Регентша российской короны Анна Леопольдовна
Очередная «коронная перемена», произошедшая в Петербурге, отдала судьбу России в руки двадцатидвухлетней женщины – ленивой, чувственной и весьма недалекой.
Анна Леопольдовна почти все время валялась в постели, читая душещипательные романы и постоянно беседуя со своей возлюбленной фрейлиной Юлией Менгден, о которой ходил упорный слух, что она и регентша – лесбиянки. Возможно, такой слух распространился из-за того, что Анна Леопольдовна могла сутки напролет проводить время в одной постели с Юлией Менгден. И хотя многие современники утверждали, что это – не порочная любовь, а платонические чувства двух близких друг другу душ и сердец, все же находились и такие, которые утверждали обратное. Как бы то ни было, но обе женщины не могли и часа провести друг без друга и постоянно находились рядом.
Как только Анна Леопольдовна превратилась в первую персону в государстве, она стала делать то, чего раньше делать не могла из-за покойной императрицы. Первым делом возле нее появился граф Линар. На сей раз его амурная игра была несколько усложнена – граф, приехав в Петербург, продолжал при каждом удобном случае выказывать глубочайшую влюбленность в Анну Леопольдовну, но одновременно откровенно волочиться и за Юлией Менгден.
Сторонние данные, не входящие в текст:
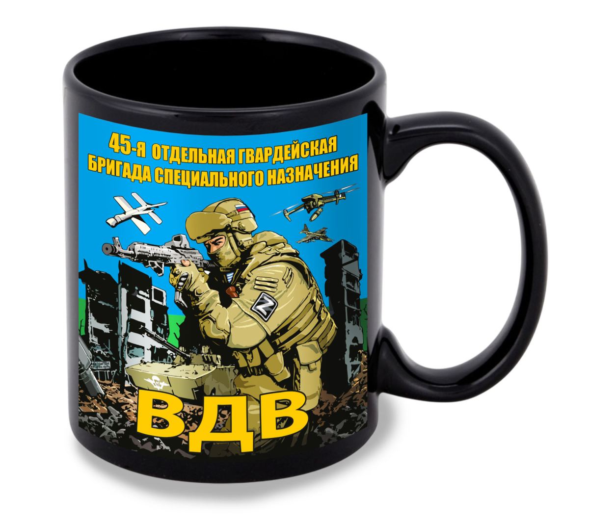 Кружка 45 отдельная гвардейская бригада специального назначения ВДВ (Черная)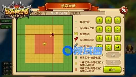 其次,在整个大地图上共分为3种地块:绿色的新手区域,普通资源收益;黄色的中级区域需要城堡5级解锁,里面资源中等;而橙色部分就是资源丰富的高级区域,城堡达到7级才能解锁,而且中心地带为王宫,是所有领主的目标,毕竟大家都想努力成为国王嘛!我们可以通过界面下方的坐标来搜索主城周围散布的资源地块,有选择的掠夺金币和钻石资源,从而增强实力。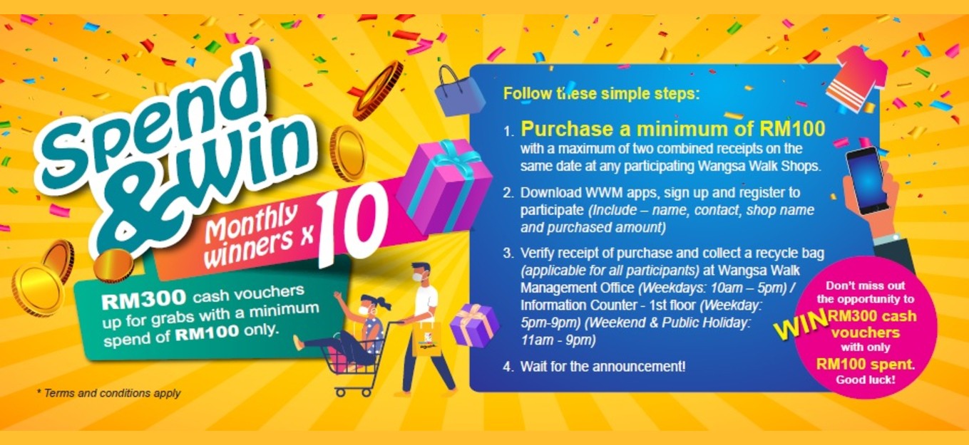 Spend a minimum RM100.00 (in a maximum of two combined receipts) on the same day at any participating Wangsa Walk Mall Shops to stand a chance to win a Cash Voucher worth RM300.00. Wangsa Walk Mall Management will randomly select 10 monthly lucky winners.

Наконец, с благословения регентши, он сделал предложение ее фрейлине, но было решено, что они останутся пока втроем, ибо невозможно было разлучить двух любящих женщин. Таким образом, возник классический треугольник, впрочем, вскоре распавшийся, ибо Линар срочно уехал в Дрезден, взяв с собой кучу денег и шкатулку с бриллиантами, которые, как говорили, он повез дрезденским ювелирам для того, чтобы сделать корону для Анны Леопольдовны, желавшей превратиться из регентши и Великой княгини в Российскую императрицу.
Во время поездки Линар получал нежнейшие письма от Анны Леопольдовны, а в Петербурге уже видели в нем нового Бирона и полагали, что Антон-Ульрих вскоре станет не более чем марионеткой в руках всесильного фаворита.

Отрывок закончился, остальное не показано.